## Data
%%

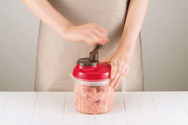 1台4役 ママ・ラクル■商品詳細1台4役!手間のかかる料理もくるくる回すだけ!◆ハンドルを回すだけで、きざむ、まぜる・こねる、落とし込む、レンジで蒸すの4つができる!◆変速ギア内蔵なので、細かいみじん切りモード、粗く刻んだりこねたりするモードの2つが選べる!◆スパチュラ式ハネ構造で、中の食材をすくい上げながら、まぜたりこねたりできる!◆中フタが付いているので、食材が直接外フタにつかず、洗うのも簡単です。
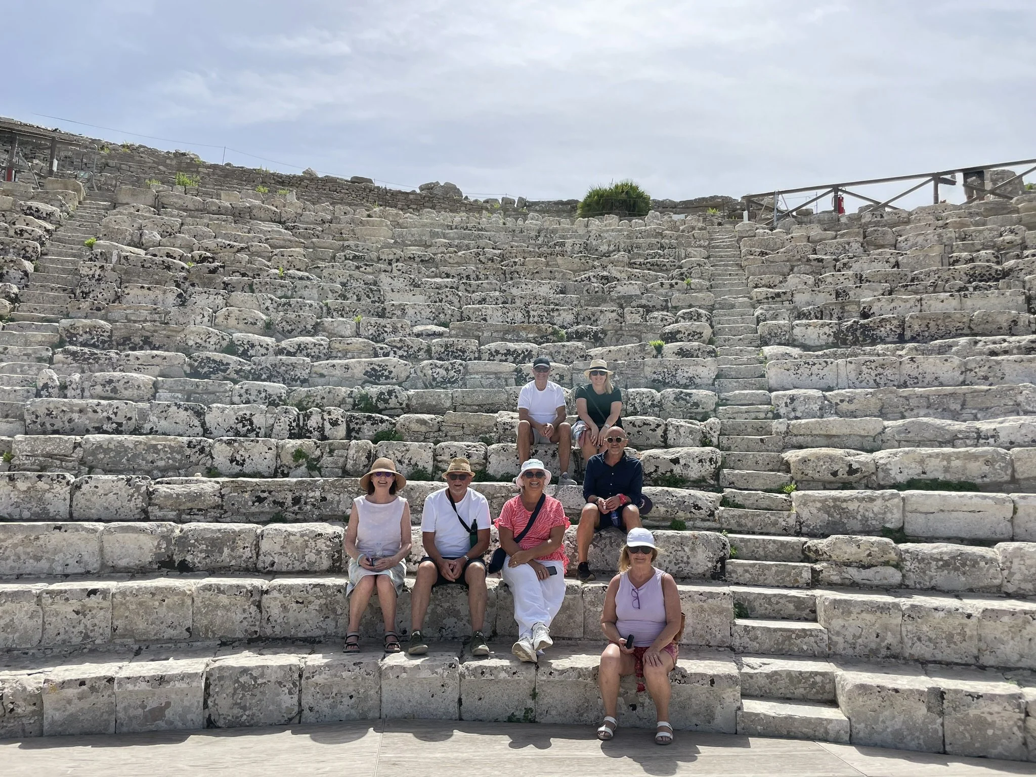 Group of seven tourists sitting on stone steps of an ancient outdoor amphitheater, some wearing hats and sunglasses, under a cloudy sky.
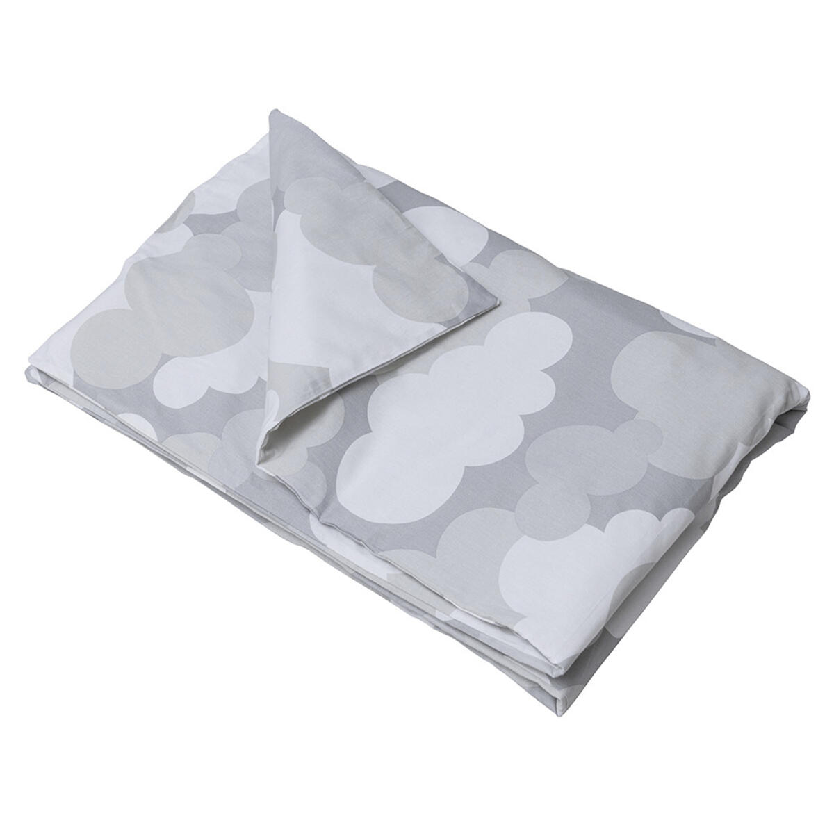 Inneholder: 1 putetrekk i glatt bomull, 1 laken og 1 teppe i jersey, 1 pute med polyesterfyll. Fargekoden beskriver laken og putetrekk. Teppet er stripete. Ikke tørketrommel.

%%

What you hand back should match the listing exactly, except that no pictures appear.

## Exercise output
 1台4役 ママ・ラクル■商品詳細1台4役!手間のかかる料理もくるくる回すだけ!◆ハンドルを回すだけで、きざむ、まぜる・こねる、落とし込む、レンジで蒸すの4つができる!◆変速ギア内蔵なので、細かいみじん切りモード、粗く刻んだりこねたりするモードの2つが選べる!◆スパチュラ式ハネ構造で、中の食材をすくい上げながら、まぜたりこねたりできる!◆中フタが付いているので、食材が直接外フタにつかず、洗うのも簡単です。
 Group of seven tourists sitting on stone steps of an ancient outdoor amphitheater, some wearing hats and sunglasses, under a cloudy sky.
 Inneholder: 1 putetrekk i glatt bomull, 1 laken og 1 teppe i jersey, 1 pute med polyesterfyll. Fargekoden beskriver laken og putetrekk. Teppet er stripete. Ikke tørketrommel.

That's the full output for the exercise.